Most people don't mean what they say. That's why they don't feel compelling. And it's so sickening to us, that we flee to the media, actors, politicians, who seem to say things, say things they mean. The ultimate irony is that ofc they do, they are performing. They dont mean it either.

So I guess, realize it's all performance. And try to mean what you say.

sublinear•2d ago
Not trying to be dismissive, but this is so pretentious that I question whether the smartphone or social media were ever really the problem.

It sounds more like this person was/is captured by the zeitgeist which, unfortunately for them, requires a metric shit ton of performative politics and pseudophilosophy. This is not what makes a person. It takes a lifetime of experience and there's no rush.

solumunus•2d ago
Great comment.
thefz•2d ago
> I don't believe this is a problem unique to smartphones.

Yes, a smartphone with no social media pplication installed is as much dumb as a classic flip phone. The object itself is not the problem here.

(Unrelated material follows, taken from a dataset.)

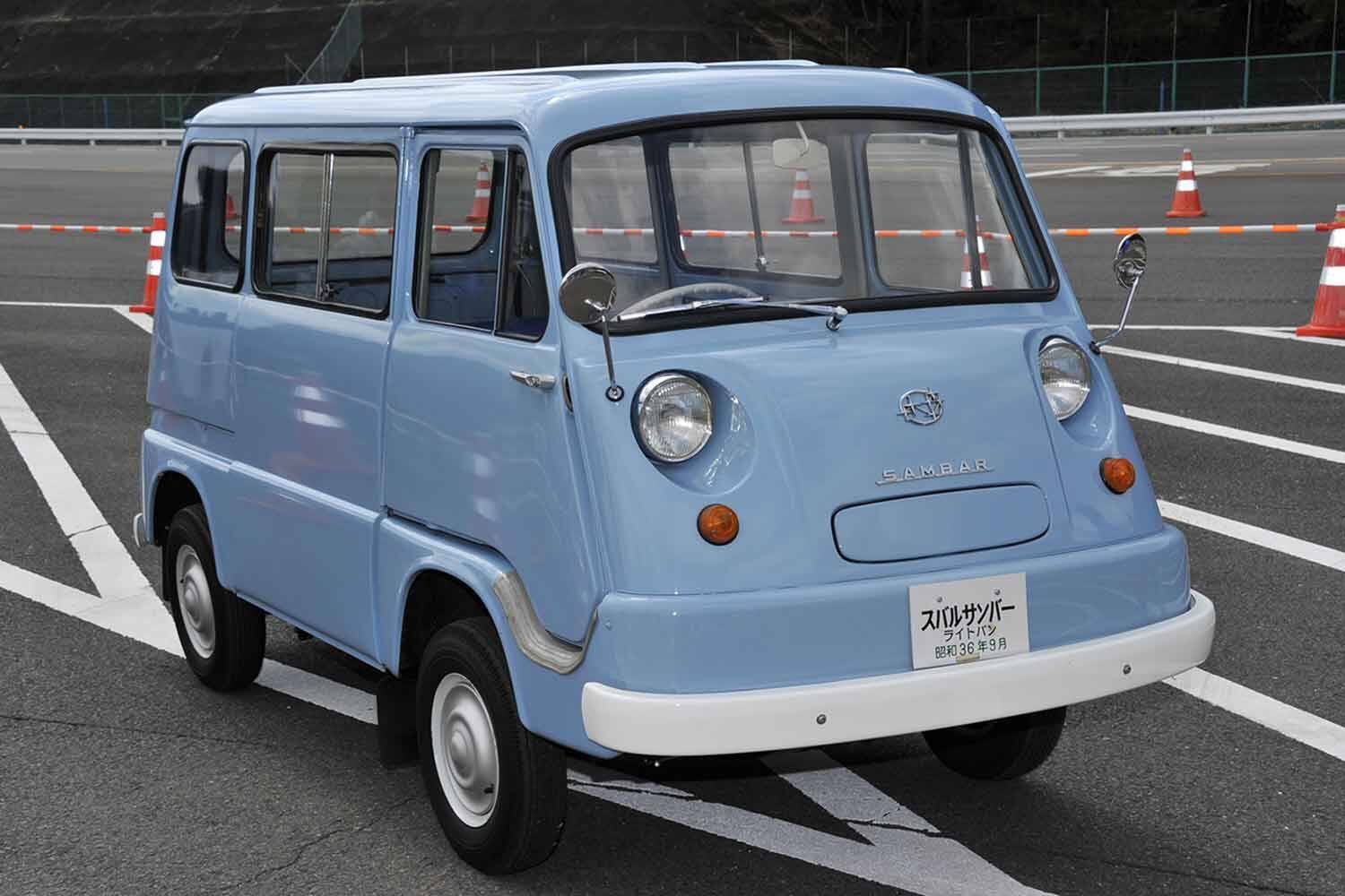サンバーは1961年に初代モデルが登場。パワートレインやサスペンションレイアウトなどはスバル360のものを流用したことで、リヤエンジン・リヤドライブ方式と四輪独立サスペンションをもっており、この基本は最終型まで変わることなく採用され続けたのも人気の秘訣といえるだろう。

I am not a big social media user so I use mine mostly to check in with family and friends, listen to music, mapping, and tracking sports. On the rare occasions I use Instagram I just follow some athletes and share a couple of memes with friends, then after 10 minutes I am nauseated by it.

mglvsky•2d ago
> If they give that up, they are pushed into insecure positions where they cannot be replaced by AI and machines

Is there typo? Great passage anyway, but I think the virality still isn't only venue to "enough money" for poor. For "shitload of ton of money" amount - perhaps

jdw64•2d ago
Since I'm not a native English speaker, please bear with me a little. Thank you. I do agree with you to some extent, but it's true that decent jobs are gradually decreasing worldwide.